Changing the RPCClientAccessServer attribute on the database to point into the CAS on SRV2 using the commandlet : Set-MailBoxDataBase -Identity DB -RPCClientAccessServer FQDN-SRV2 . Or, second alternative is changing DNS record for CAS1 to CAS2. In the first one, we’ll need to repair outlook profile so it brings the new configuration. I would recommend to do it with DNS it’s the simplest way.

Site Resilience

Now let’s consider that the primary DC encounters a disaster and is no more available.

SRV1 and the WS1 are down, users lost their connectivity to exchange, and on backup DC , SRV2 can’t mount his DB ,as long he do not have access to the WS and cannot get the quorum the following procedure will use the alternate Witness server WS2 , and will force the quorum , do SRV2 will be able to mount his DB copy .

In the first place we need to stop the DAG on SRV1 so we can exclude it later using the command Stop-DatabaseAvailibiltyGroup -Identity DAG -MailBoxServer FQDN-SRV1

It will take a while trying to contact SRV1 who is unreachable, at the end, it will show the error that he couldn’t update the configuration on SRV1. Don’t worry it’s not important in this case, only the configuration on SRV2 have to be updated.

We can verify that SRV1 is stopped in DAG by the commandlet : Get-DatabaseAvailibilityGroup -Identity DAG | fl name,*server *

The result is the names and the state of DAG members, if the previous commandlet works, SRV1 should be in StoppedServers and SRV2 in the StartedServers list.

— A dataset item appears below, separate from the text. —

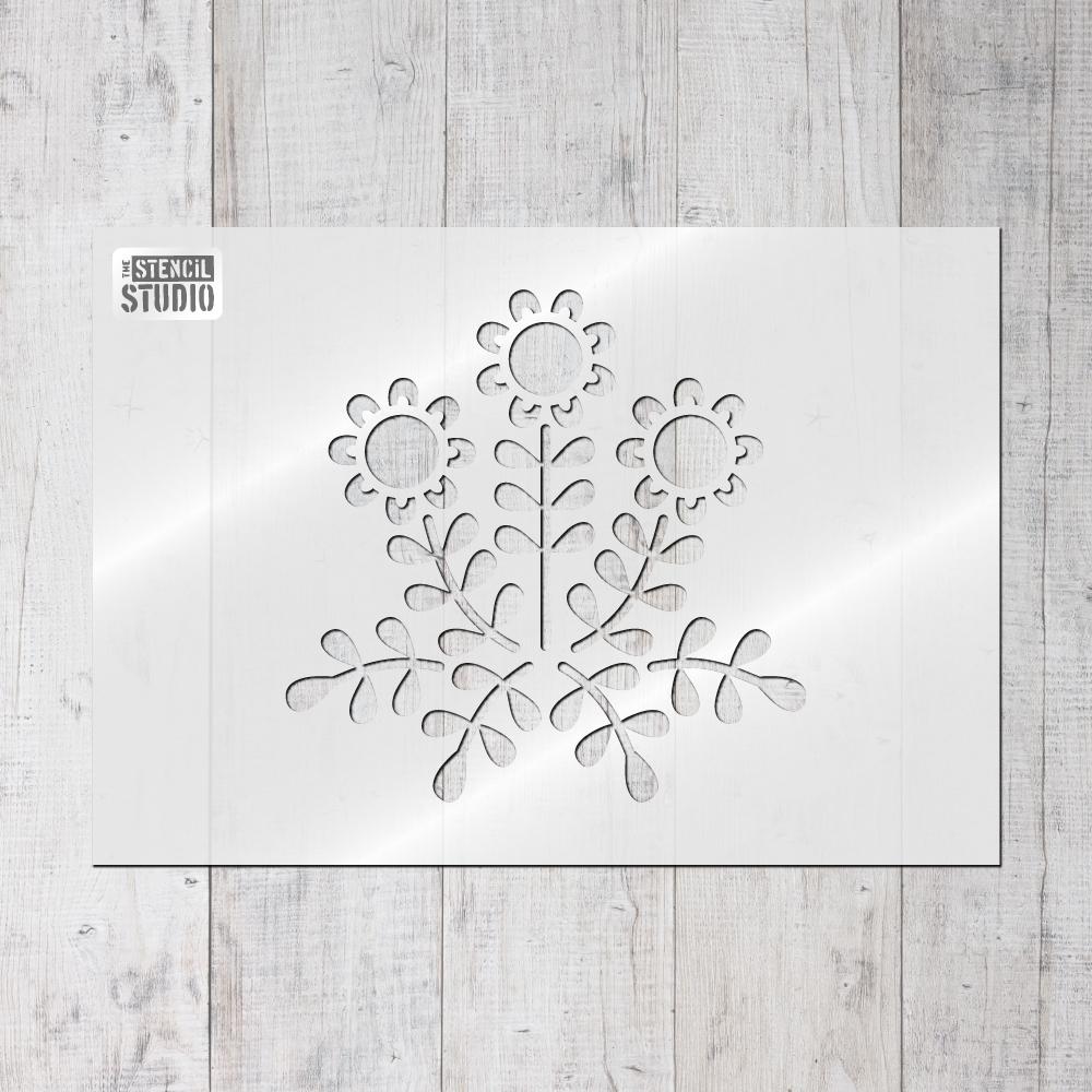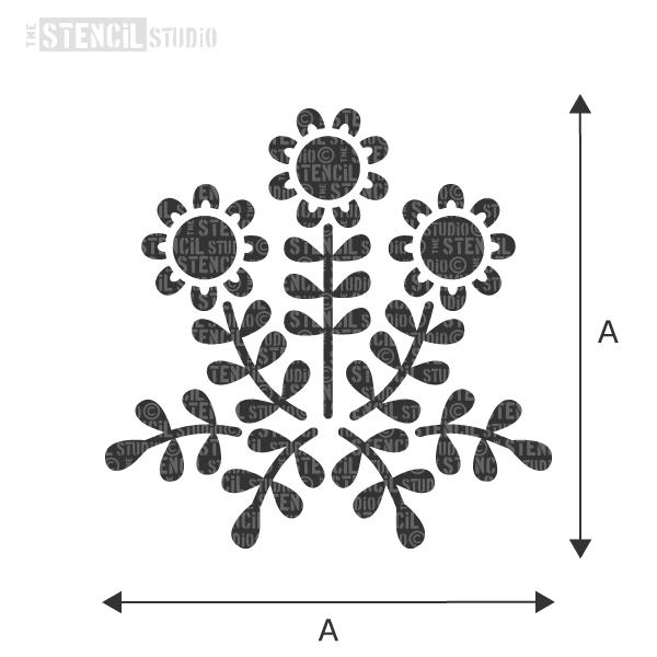 Marjorie flowers motif with symmetrical leaf pattern stencil. Use this stencil to add detail to furniture, fabric and walls.
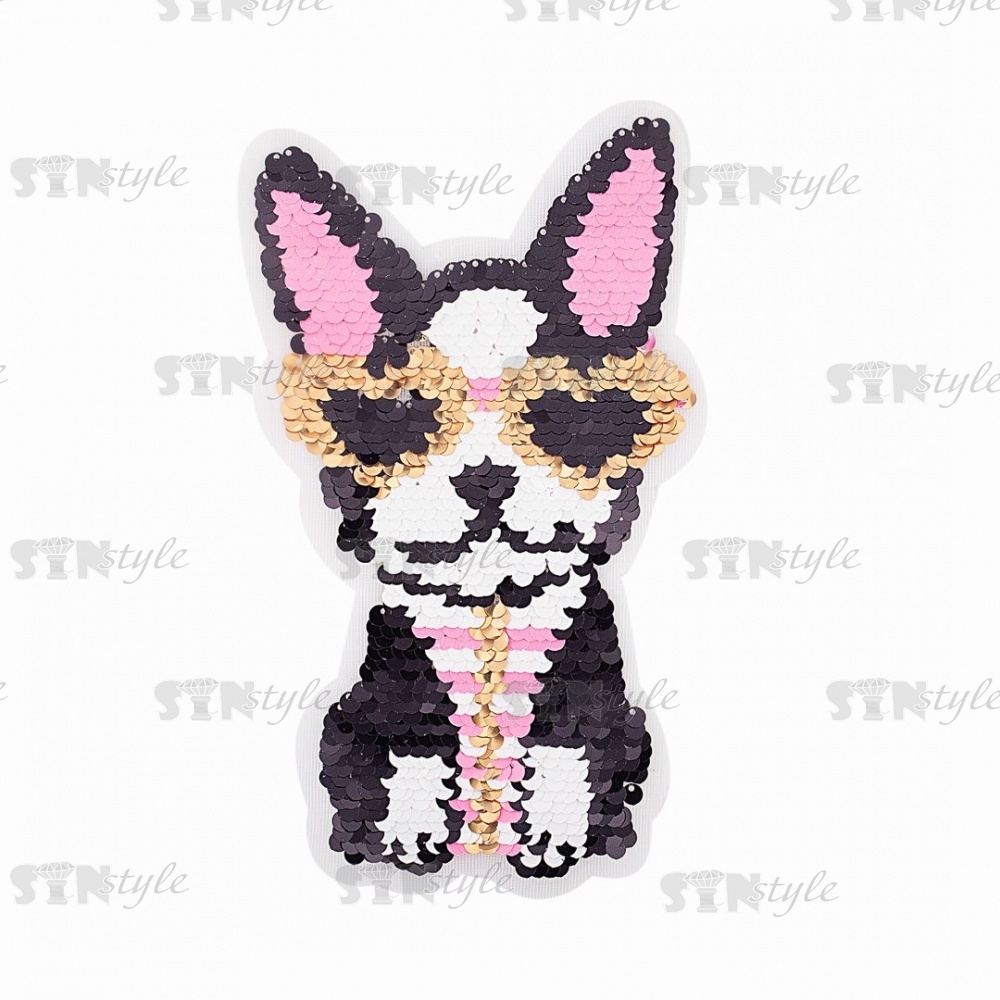 Аппликация на сетке из пайеток "Собачка", размер 115х200 мм, разноцветная

Next step is to stop the Cluster service to restart it with the quorum.

The most important steps come next, after this one SRV2 should mount his DB copy, the restore-DatabaseAvailibilityGroup command is a suit of actions that are:

Excluding the failed member from DAG,

Using the preconfigured Alternate WitnesseServer to bring the quorum

Starting the cluster service with the quorum forced.

Rebuilding DAG with the WS2 and SRV2 .

The syntax is : Restore-DatabaseAvailabilityGroup –Identity Dag –ActiveDirectorySite Default-First-Site-Name

Actually we can add some others switches to this command but this simple one should do the work in our case. Once the command executed, it will take few seconds to SRV2 to automatically mount his Database copy.

At this point users still can’t get access to their Mailing system , and we need to tell them to point to the SRV2 CAS by changing whether the DNS record for the CAS to point to SRV2 or changing the RPCClientAccessServer attribute on the DB Set-MailboxDatabase db –RpcClientAccessServer FQDN-SRV2

Once it’s done you need to repair the Outlook profile to update the configuration on it .

This is it, now you have fully working backup DC , until the primary DC comes back, the remaining question is what’s the procedure to apply when the primary DC is back online after you restore your servers from tapes or any other backing up media .?

Well it’s simple here’s the answer :

Now the backup SRV2 holds the active DB copy and there was be many mails flow between the time the primary DC is offline. Here the DAC mode is useful ensuring that when the Primary DC comes online , SRV1 will not takeover and mount his DB !

First you have to start the DAG on the SRV1 using: Start-DatabaseAvailibilityGroup -identity DAG -MailBoxServer FQDN SRV1 .

Once it’s done , SRV1 will show his DB as synchronizing (from the SRV2 copy ) .after finishing the synchronization ,the DB in SRV1 will be healthy . You can monitor the logs queue and the replayed ones using Get-MailBoxDatabaseCopyStatut -identity db\SRV2

Now you can manually activate the DB on SRV1 and get things back to normal. And finally, the one last thing to do is to modify the DNS record for the CAS to SRV1 or to revert the RPCClientAccessServer the same way we did before.

Hope this helps you.

Comments (1)

Hardik Desai

IT Architect and Trainer

Commented: 2015-08-29

If you are aware that DAG member is not supported on DC because failover cluster service is not supported, you should have not done this. You are putting your customer at risk and losing trust from your customer and other potential customers.